A Leica M205 FA stereomicroscope was used to capture images of live animals and colorimetric WISH samples. A Leica DM600B upright microscope was used to capture images of histological sections. A Zeiss LSM-510-VIS confocal and a customized light sheet microscope were used to capture Z-stacks for fluorescent WISH samples.
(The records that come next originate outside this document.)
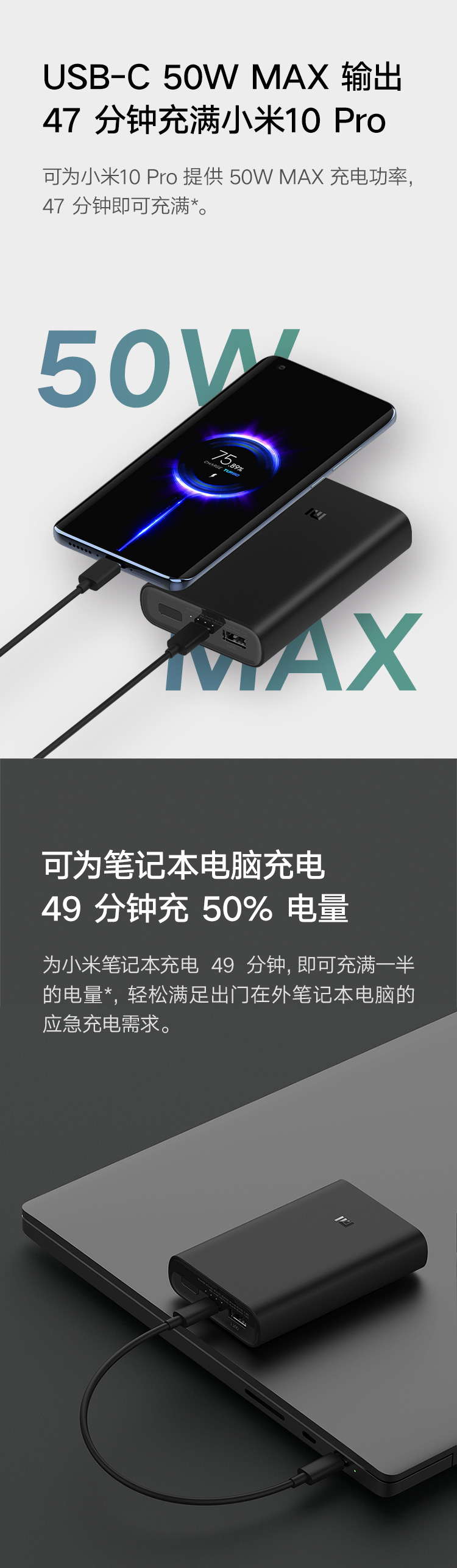 小米移动电源3 10000mAh 超级闪充版 PD快充 可为小米10Pro提供50W MAX极速闪充|两个设备同时充电|高品质锂离子电池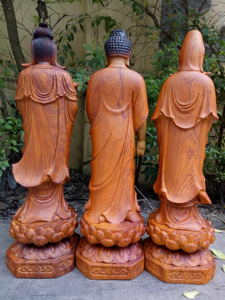 Bộ tượng phật tam thánh được làm bằng chất liệu gỗ hương đá liền khối khối tự nhiên 100%  Kích thước cao 40×12×12cm _ Bộ tượng phật tam thánh được trạm khắc tỉ mỉ ,Tinh sảo kỳ công .Đi hầu hết tất cả mọi chi tiết góc ngách nội dung hoa văn của bộ tam thánh .Đều được ngọt tỉa ,Chỉnh sửa hoàn toàn bằng tay thủ công .Đồng thời tượng được kiểm định kỹ lưỡng như cho vào thẩm sấy cho gỗ khô kiệt .Mục đích trống dập nứt vênh mo mối mọt .Kết hợp với trà nhám ,đánh giấy giáp nhiều nước ,Sờ mát lạnh rồi cho vào phun lót làm bóng mờ để giữ lại mầu sắc vân gỗ tự nhiên ,Bộ tam thánh được làm và hoàn thiện do bàn tay khối óc tài hoa ,Từ những người thợ giàu kinh nghiệm ,Cũng như tay nghề cao trong làng nghề truyền thống .Chính vì thế bộ tượng phật tam thánh đã đáp ứng đầy đủ những tiêu trí ( Đẹp bền rẻ ) Thẩm mỹ nghệ thuật với chất lượng tuyệt vời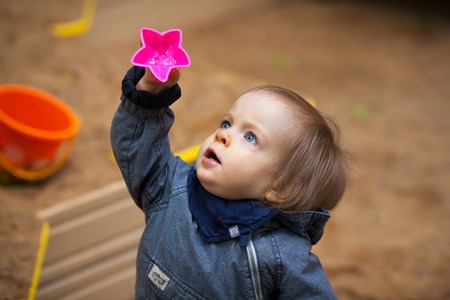 Fifteen months old baby girl playing in the sandbox in the sunset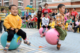各種形式的趣味運動會近日在福州市的社區陸續展開,人們以歡快活潑的趣味比賽迎奧運。圖為福州金山吉龍社區的小朋友在社區趣味運動會中進行跳球接力比賽。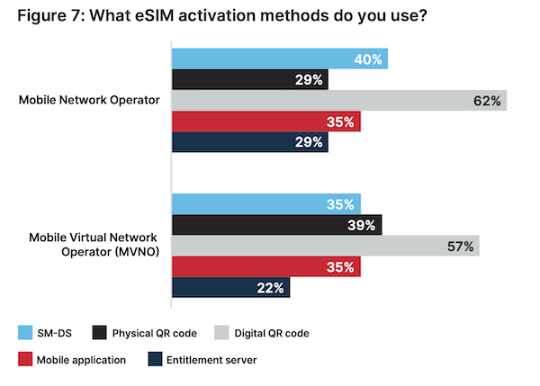 根據(jù)近期Thales與MobileWorldLive共同開展的調(diào)查報(bào)告《User appetites for frictionlesseSIM activation》,目前最受歡迎的激活方式為數(shù)字二維碼,62%的MNO和57%的MVNO正在使用這種方式。其次最受歡迎的方法是SM-DS,40%的MNO和略高于三分之一的MVNO選擇了這一方法。使用移動應(yīng)用程序激活eSIM配置文件的比例與SM-DS相近。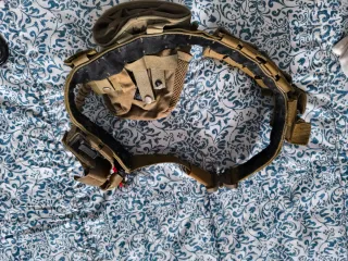 Cinturón táctico de primera línea para airsoft, con sistema Molle. - Color coyote. - Incluye porta cargador y porta granadas. - Cierre de hebilla. - Ajustable.
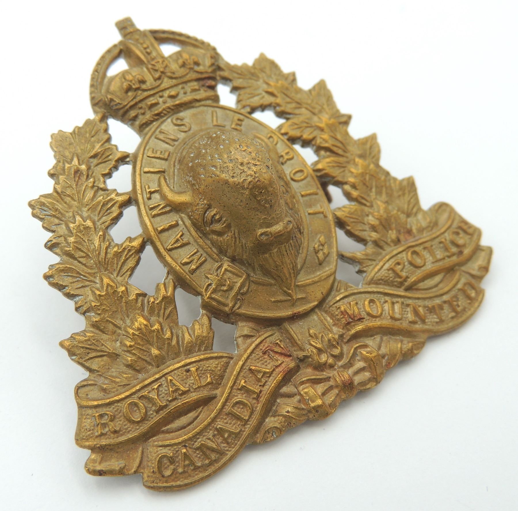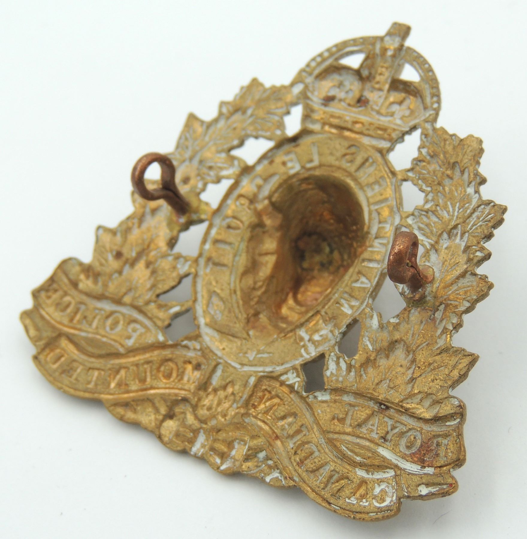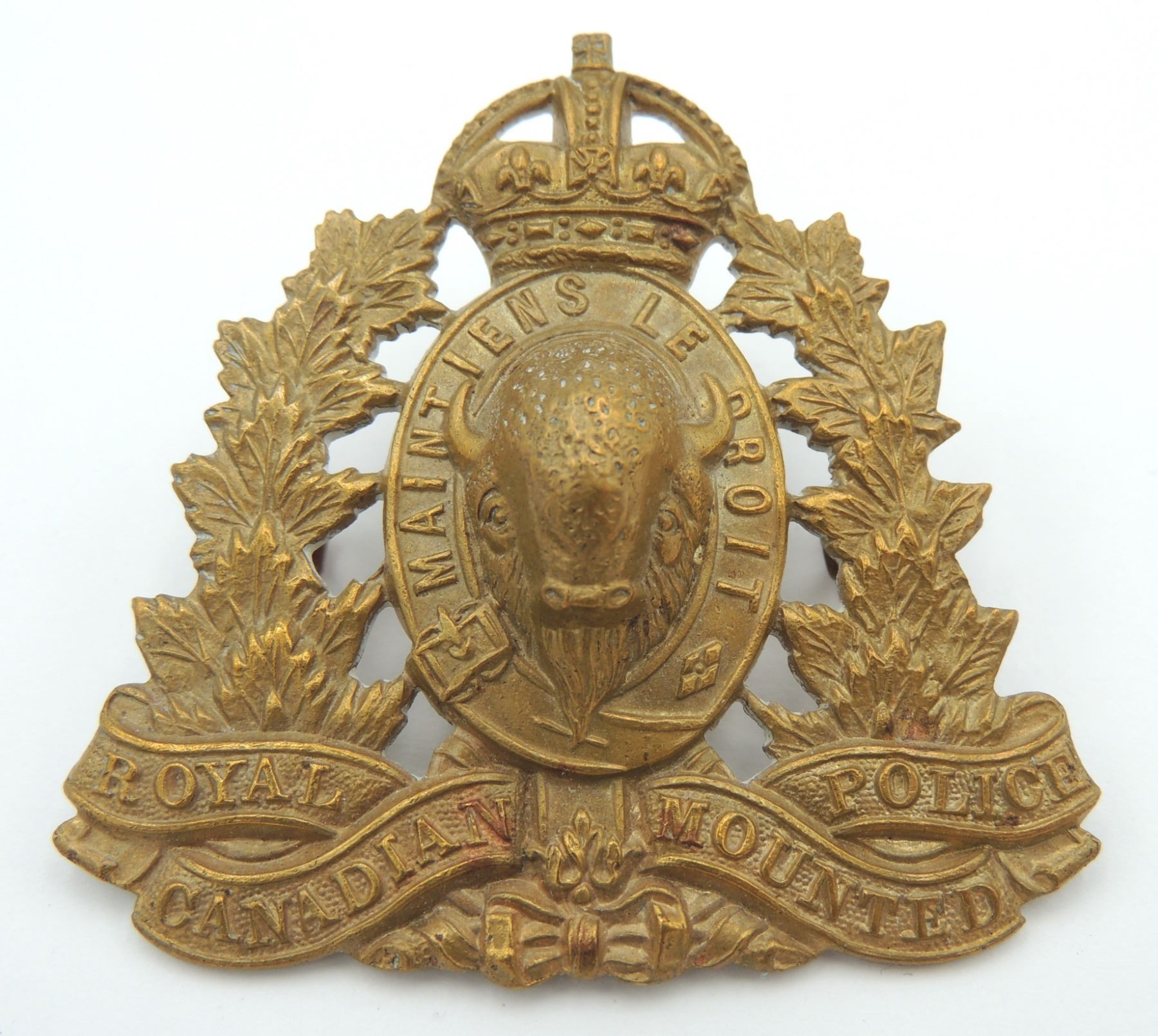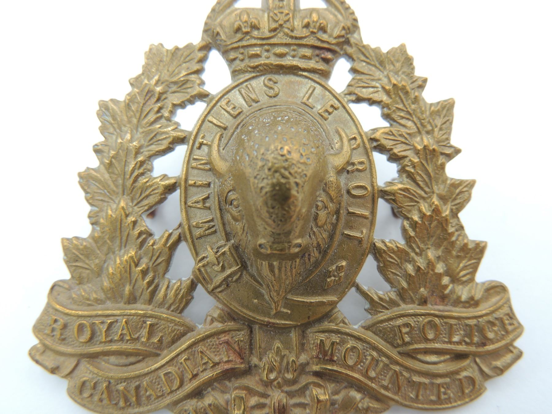 Kings Crown Royal Canadian Mounted Police RCMP Cap Badge, 1940's era- complete with original lugs and unmarked on reverse. Good detailing on front of Badge. Vintage Canadian Canada Law Enforcement Insignia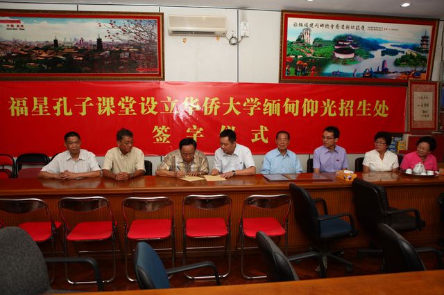 2012年9月21日上午8点整,福星孔子课堂在二楼会议室举行了设立华侨大学海外招生处签字仪式。根据该协议,中国国立华侨大学正式授权福星孔子课堂在缅甸仰光招收学生,学生根据自身条件可申请入读中国国立华侨大学的学士学位、硕士学位、博士学位以及预科课程,也可参加华文短期培训班。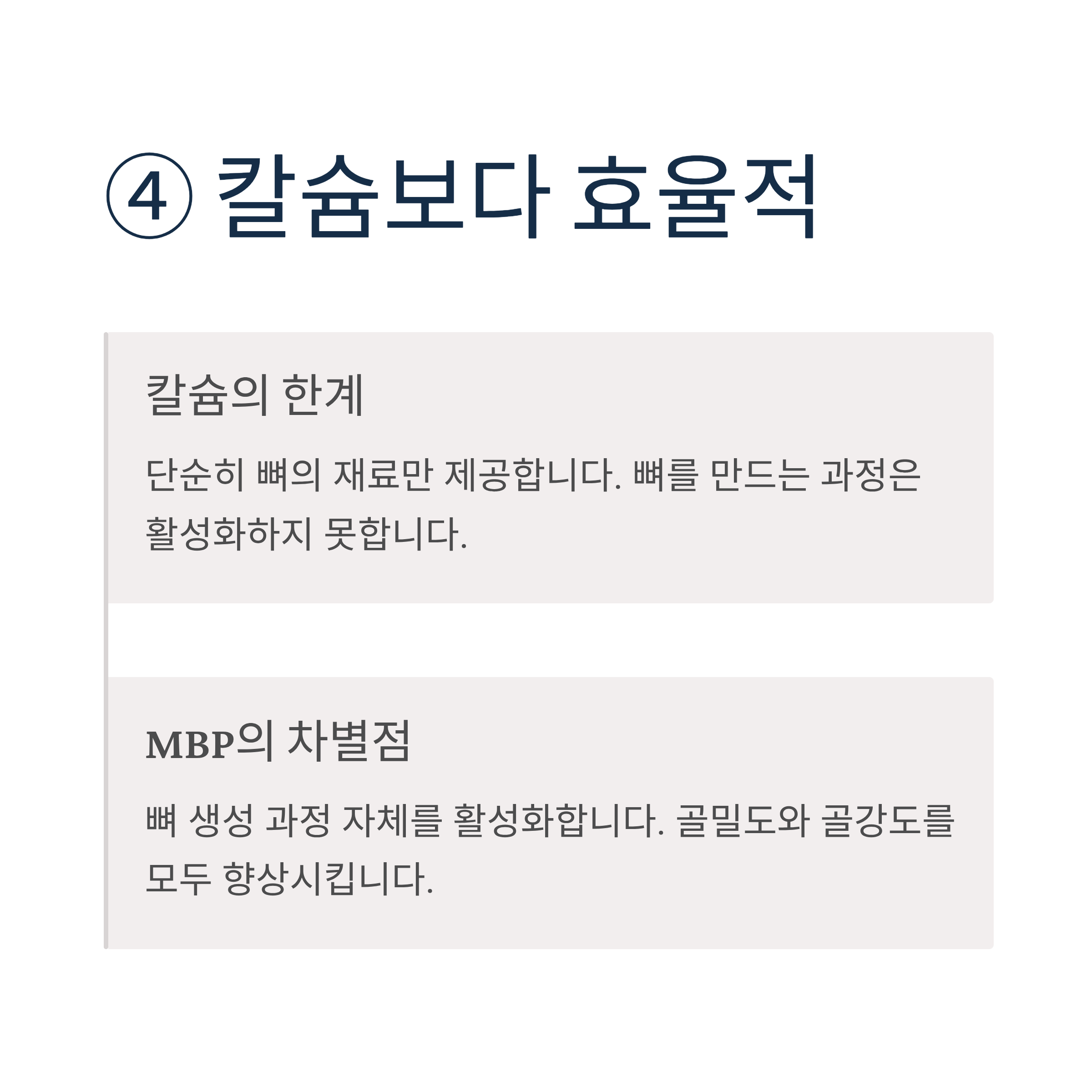 칼슘은 단순히 뼈의 재료만 제공하지만, MBP는 뼈 생성 과정 자체를 활성화합니다. 골밀도와 골강도를 모두 향상시키는 메커니즘으로 작용하여, 칼슘 단독 섭취보다 더 효과적인 뼈 건강 관리가 가능합니다.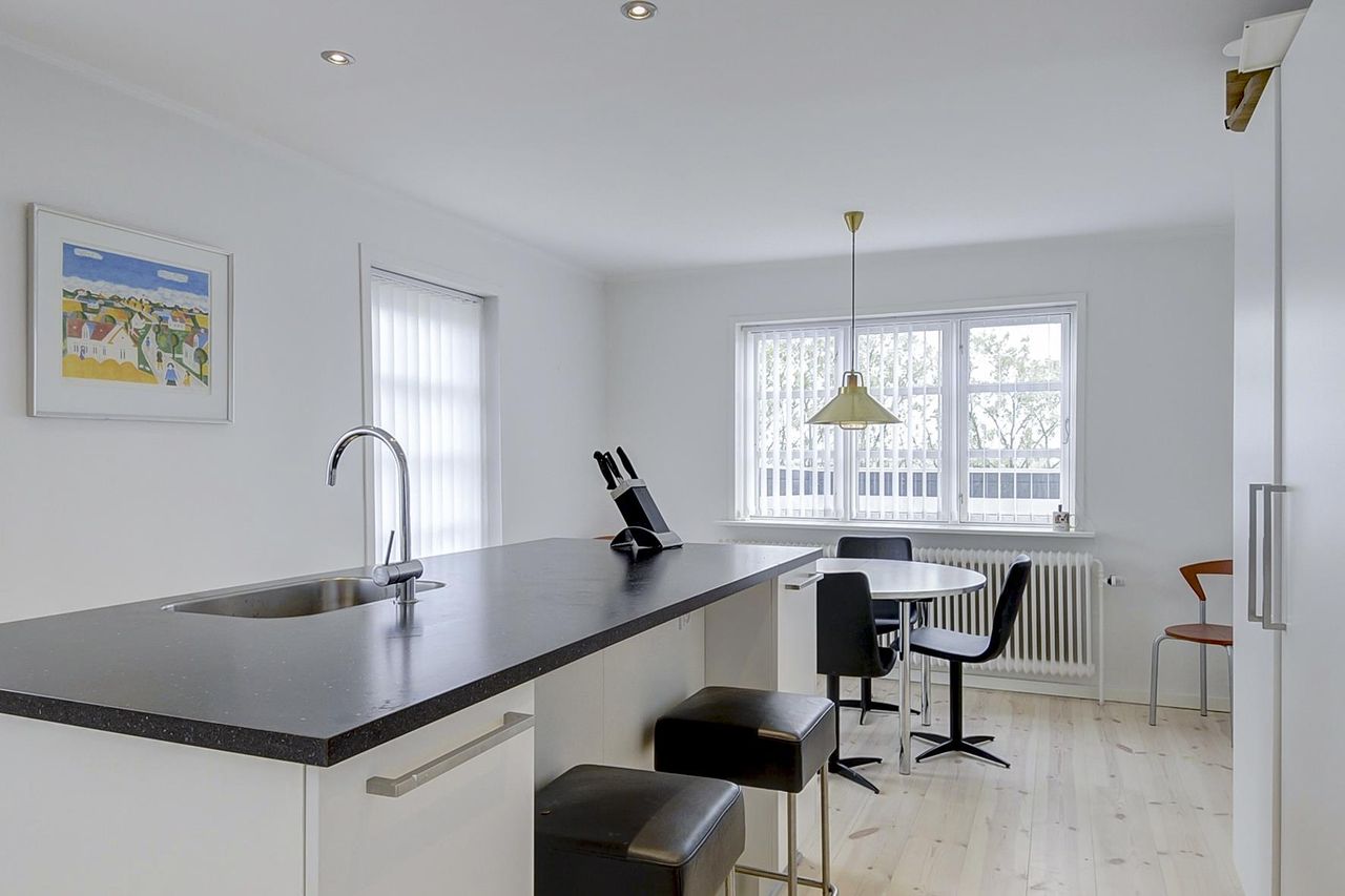 - Stort køkken/alrum med hvide elementer, trægulv og udgang til træterrasse.

Fixed, stained Smed embryos were mounted in 1% low melt agarose in 1x PBS along with fluorescent conjugated beads required for image registration and reconstruction (FluoSpheres® Polystyrene Microspheres, 1.0 µm, red fluorescent (580/605), Invitrogen/Molecular Probes, F13083; FluoSpheres® Carboxylate Modified Microspheres, 0.1 µm, yellow-green fluorescent (505/515), Invitrogen/Molecular Probes, F8803). 1 µM fluorescent bead stock solutions were diluted 1:10,000 - 1: 360,000, depending on the size of the embryo and the magnification of the detection objective used. Samples were placed in an imaging chamber within a Single Plane Illumination Microscopy (SPIM) system described in (Nakajima et al., 2013). S3-S5 embryos were imaged using either a 10x Plan Apochromat or a 5x Plan NeoFluar objective. Z-stacks were taken every 45˚ around the surface of the samples using a rotating stage, producing 8 stacks of images per embryo. Multiview data sets were reconstructed using Fiji SPIM plugins for data registration and fusion (Preibisch et al., 2010). Completely reconstructed data sets were viewed in the Imaris software package, where they were cropped and masked to remove beads. Cell positions and the embryonic pharynx were marked manually using the 3D Spot Finder function, and the three-dimensional coordinates for marked cells were exported into excel for analysis of cell positions. Colocalization was determined manually on S3-S4 whole embryos, or on crop3D sections (100 µm X 200 µm X 100 µm) of S5 embryos.